WHO representative in South Africa Sarah Barber briefed African lawmakers attending the Fifth Ordinary Session of the Third Pan-African Parliament on the epidemic.
Before the December outbreak the disease was never seen in West Africa and as a result, Barber says, health workers were unfamiliar with the disease and lacked experience and knowledge on it, adding that there are “myths and misconceptions that the disease was introduced in West Africa by outsiders”.
The WHO representative also singled out the lack of supporting health equipment such as gloves, masks and hospital beds as other factors making it difficult for health workers to effectively treat patients
Weak infection control practices such as water, soap and sterilization are also factors causing the spread of the disease, said Barber.
“The affected countries experienced civil unrest and weak public health systems before the epidemic started.”

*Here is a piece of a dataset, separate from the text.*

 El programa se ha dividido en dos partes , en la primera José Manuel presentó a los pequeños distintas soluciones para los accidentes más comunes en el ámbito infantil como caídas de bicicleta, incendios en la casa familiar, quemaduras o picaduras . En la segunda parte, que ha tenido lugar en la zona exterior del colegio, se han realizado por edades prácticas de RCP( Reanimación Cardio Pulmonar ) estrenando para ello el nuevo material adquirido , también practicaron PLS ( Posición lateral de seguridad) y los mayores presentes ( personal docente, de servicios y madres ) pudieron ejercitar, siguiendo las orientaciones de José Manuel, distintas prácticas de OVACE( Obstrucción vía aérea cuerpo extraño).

Barber is also worried that although there are plans to build more facilities to deal with the virus, there is a critical shortage of clinical teams available to manage them.
In some of the affected countries for every 10 000 people there are only 3-5 health workers.

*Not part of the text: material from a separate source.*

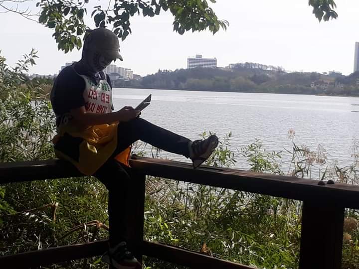 몸자보를 하고 난간에 걸터앉아 편안하게 휴대폰을 들여다보던 낯익은 시민도 만났습니다. 개구리 왕눈이 같았던 윤선생님, 멋진 사진 찍으려고 늦춰진 걸음, 뭐라도 해보려고 나누는 대화, 독바위 이야기 등등

Given the virulence of the virus, Barber warned there is a possibility of the disease further spreading, because of the weak health systems in Guinea, Liberia, Sierra Leone and Nigeria. Barber reiterated the WHO’s recommendations that countries should not institute travel bans.
“The risk of Ebola transmission during travel is low. Sites of transmission are currently limited to affected countries, namely, Guinea, Liberia, Sierra Leone and Nigeria. These bans should only be placed on people infected with the virus,” she said.
She said efforts to stop and reverse the spread of the virus can only be achieved through a coordinated international response and that the best way to prevent the further international spread is to contribute to stopping the outbreak at its source which is Liberia, Sierra Leone and Guinea.